* **WHAT THIS TASK INVOLVES**:
Leaving the pictures aside, restate all of the data exactly.

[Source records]
"""

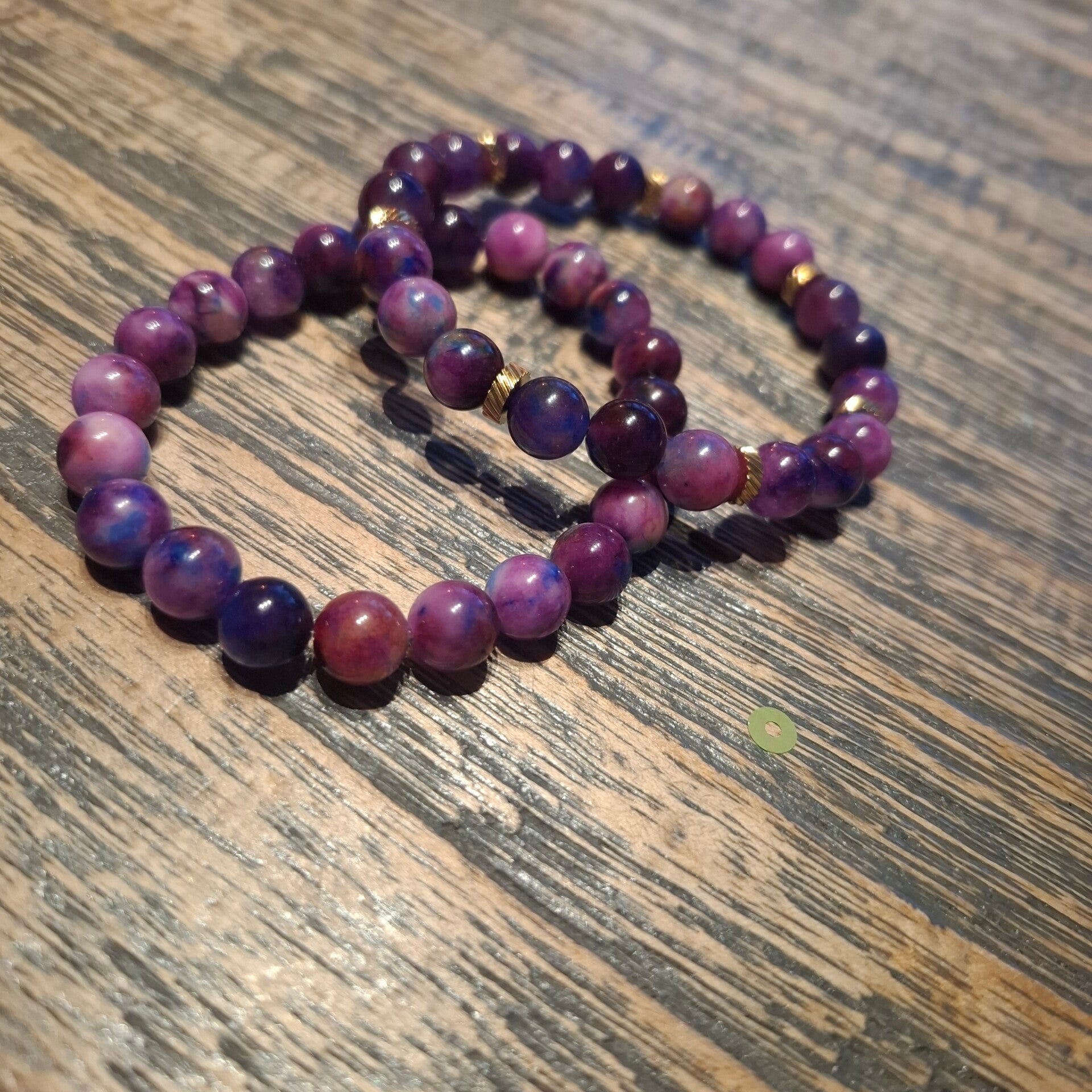 Deze handgemaakte armbandset is ontworpen voor wie houdt van zachte vrouwelijke kracht en een luxe uitstraling. De combinatie van light sugilite-paarse kralen met goudkleurige tussenstukken geeft deze set een elegante, warme en moderne look.
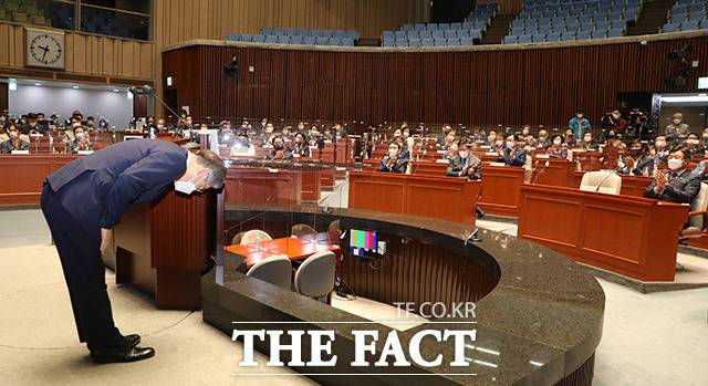 [더팩트ㅣ국회=이선화 기자] 더불어민주당 대선 후보인 이재명 경기지사가 15일 오전 서울 여의도 국회에서 열린 의원총회에 참석해 발언을 하고 있다.
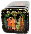 The box has a hinge above the composition and rests on two platforms. Upon completing the work on this piece the artist writes Palekh and signs her name at the bottom of the composition.
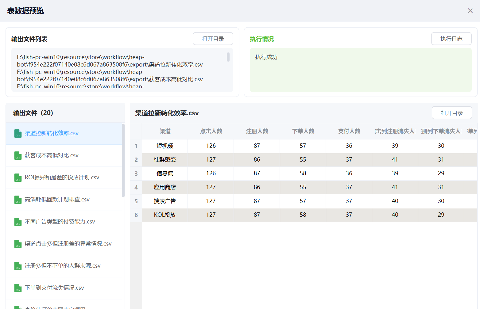 20. 渠道投放综合排名:把各个渠道的消耗金额、注册人数、下单人数、支付人数、支付金额和 ROI 一起摆出来,按综合效果排一遍,把该加钱的和该停掉的直接分出来。
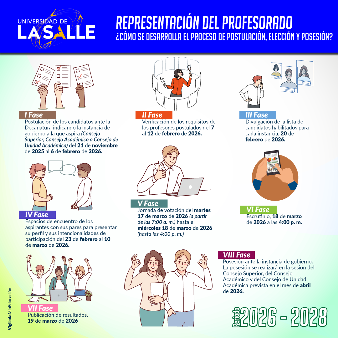 La Universidad de La Salle reitera su compromiso con la participación plural, el diálogo y la construcción democrática. Invitamos a los profesores a presentar su candidatura y a fortalecer, desde su liderazgo académico, las instancias de gobierno universitario.

"""

* **YOUR SOLUTION**:
 Deze handgemaakte armbandset is ontworpen voor wie houdt van zachte vrouwelijke kracht en een luxe uitstraling. De combinatie van light sugilite-paarse kralen met goudkleurige tussenstukken geeft deze set een elegante, warme en moderne look.
 [더팩트ㅣ국회=이선화 기자] 더불어민주당 대선 후보인 이재명 경기지사가 15일 오전 서울 여의도 국회에서 열린 의원총회에 참석해 발언을 하고 있다.
 The box has a hinge above the composition and rests on two platforms. Upon completing the work on this piece the artist writes Palekh and signs her name at the bottom of the composition.
 20. 渠道投放综合排名:把各个渠道的消耗金额、注册人数、下单人数、支付人数、支付金额和 ROI 一起摆出来,按综合效果排一遍,把该加钱的和该停掉的直接分出来。
 La Universidad de La Salle reitera su compromiso con la participación plural, el diálogo y la construcción democrática. Invitamos a los profesores a presentar su candidatura y a fortalecer, desde su liderazgo académico, las instancias de gobierno universitario.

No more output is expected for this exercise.